A sphere appeared on the virtual screen, like a knot of hundreds of pieces of yarn all tangled together. It was absolutely meaningless to her.
“What am I looking at here?”
“A program rendered visually, an AI or bot. People use them to scrub the Net, do searches, machine tasks, but this, this is wild. Usually these’ll have one or two strands but this has hundreds, this is a piece of work, like artistry right here. I’ve been trying to unravel it for days and it’s had some pretty nasty surprises. It tried to send electrical feedback at me once and stop my heart, managed to dodge that one. And half of these are to hide it, to mask its presence. But everything leaves a trace.”
“So, what does this have to do with the girls?”

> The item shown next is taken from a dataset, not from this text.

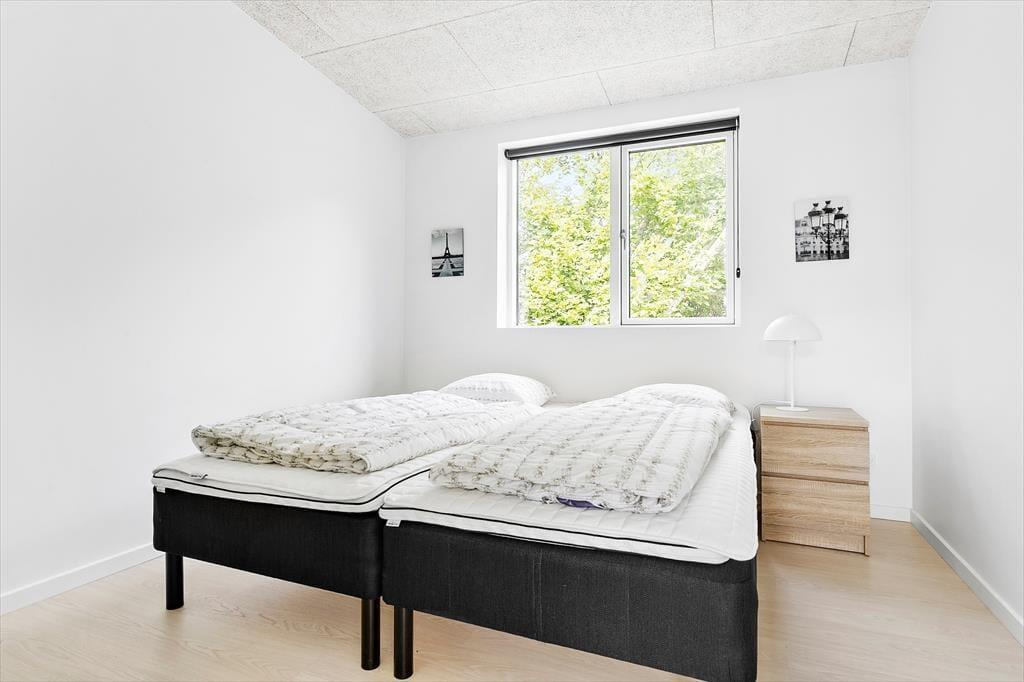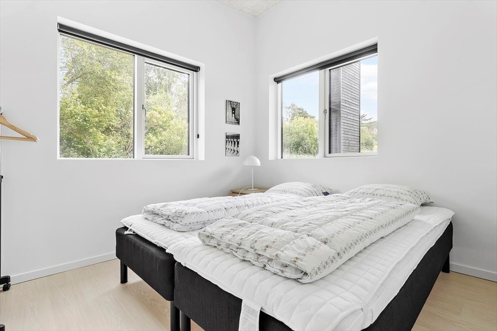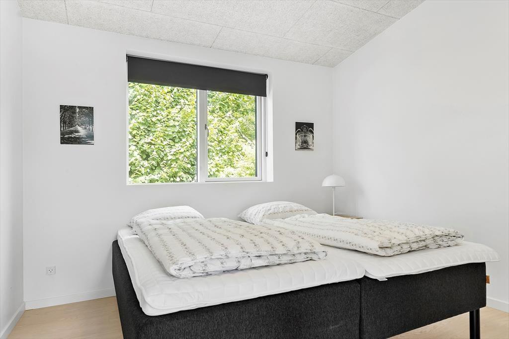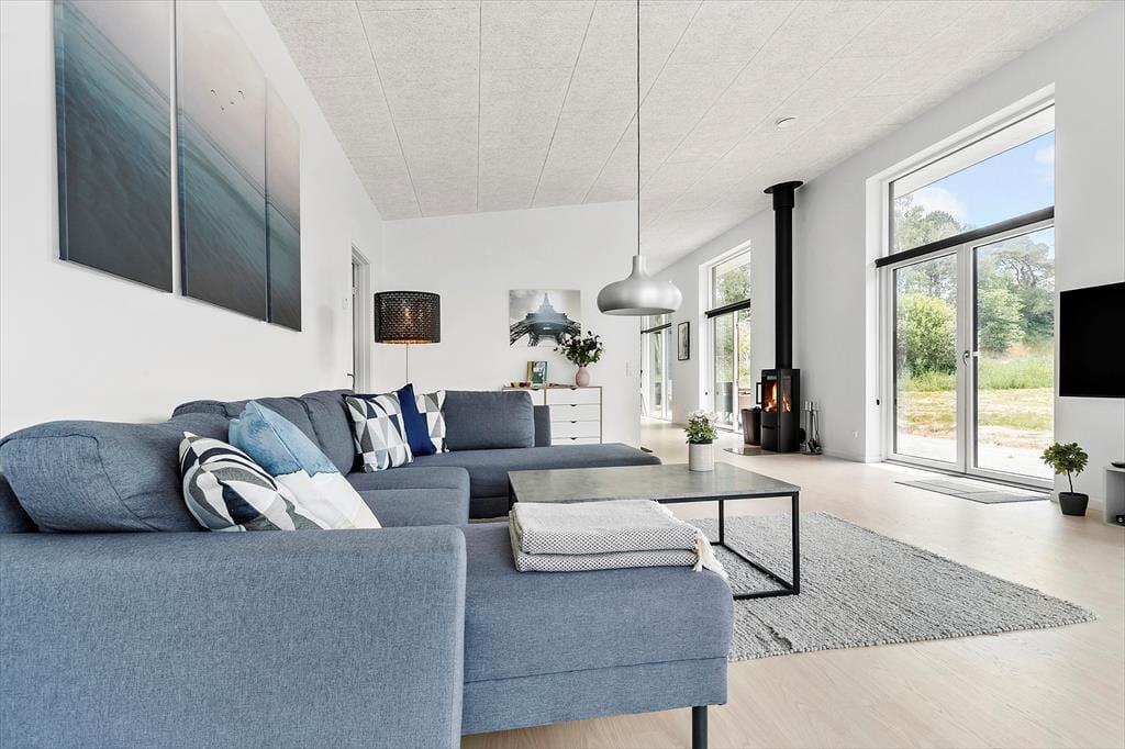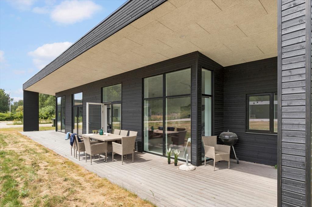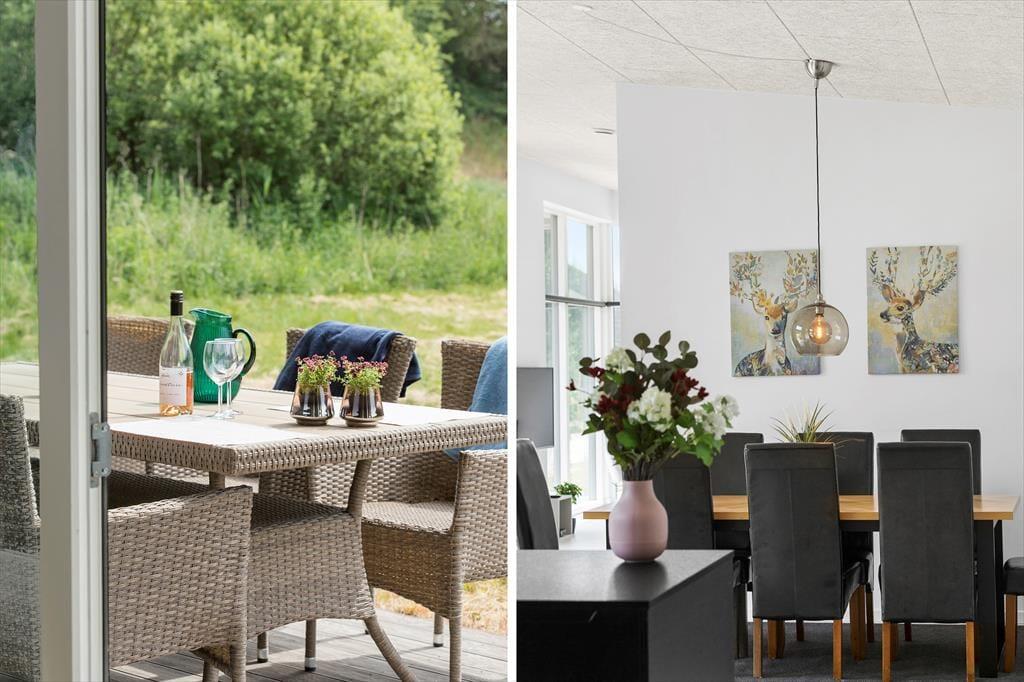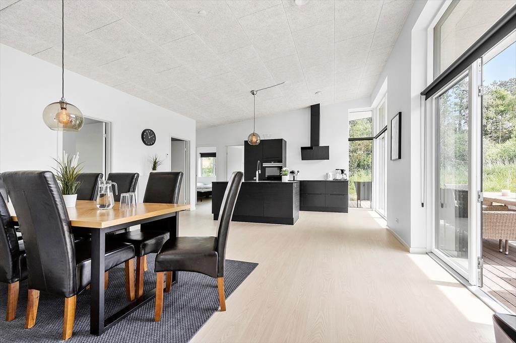 Ikke langt fra Ebeltoft by findes dette flotte, nyere feriehus. Stuen emmer af lys og rummelighed med komfortable møbler og hyggelig brændeovn – perfekt til afslapning efter en dag med oplevelser. Herfra er der direkte udgang til en overdækket terrasse, hvor morgenkaffen kan nydes i ro og fred. Det stilrene og veludstyrede køkken er åbent til stuen og har alt, hvad du behøver – fra opvaskemaskine til indbygget ovn. Huset byder på to elegante badeværelser: Det ene med bruseniche, spa-bad og adgang til sauna, og det andet med bruseniche samt vaskemaskine og tørretumbler. De fire store soveværelser har dobbeltsenge, som kan deles til enkeltsenge, og til de mindste gæster står både høj stol og barneseng klar.
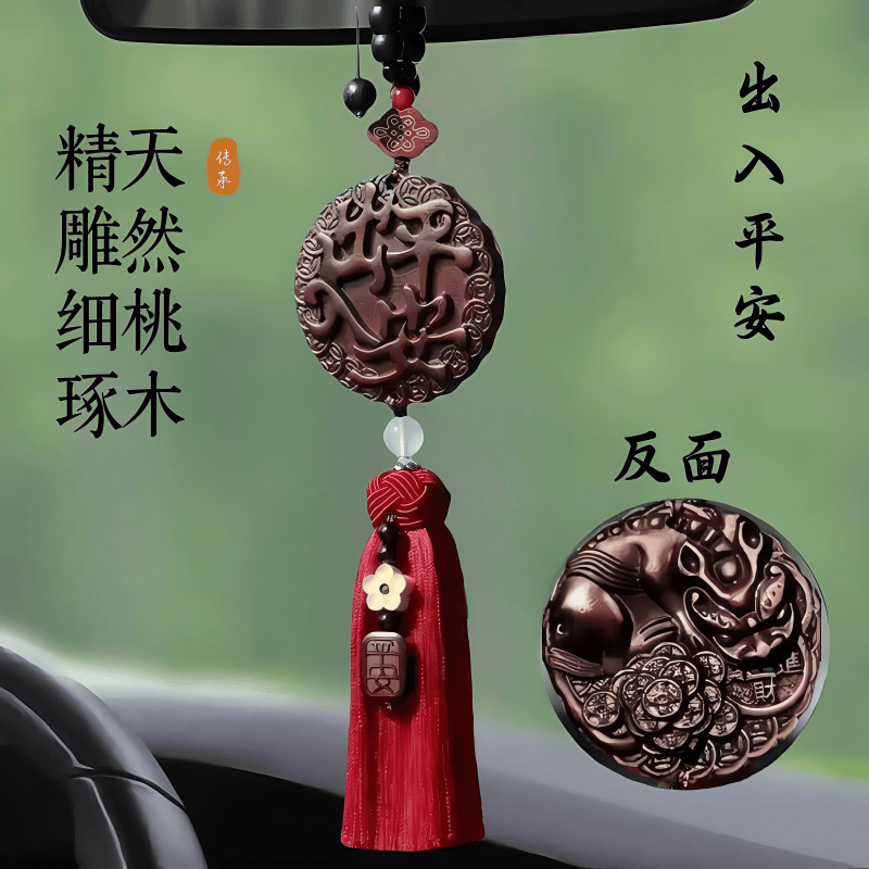 桃木汽车挂件出入平安双面高档男女士车载好物装饰品貔貅吊坠礼物

“This is the connection,” he said excitedly. This is the link between them. I found this strange, let’s call it a presence, whenever I did a search on one of them. Like I found almost exactly what you would expect to find in a textbook search—the birth records, school records if they went to school, taxes, driver’s license registration, job IDs, advertisements for sexual services, in one case. It was about as ordinary as you could get. Except I saw that someone else had been searching for these women, and after some digging I found this bot, tons of these bots going through, running these searches. And so I followed…that was a trip. And I found where they were taking this info. An uber, like me, someone else searching for these girls.”
He couldn’t contain himself any more. With an almost audible whoosh the virtual world vanished and they were sitting back in the living room, squinting in the light. Jojran was practically bouncing up and down with excitement.
“He made a list Saru! A list of these girls. And I found it. I found it!”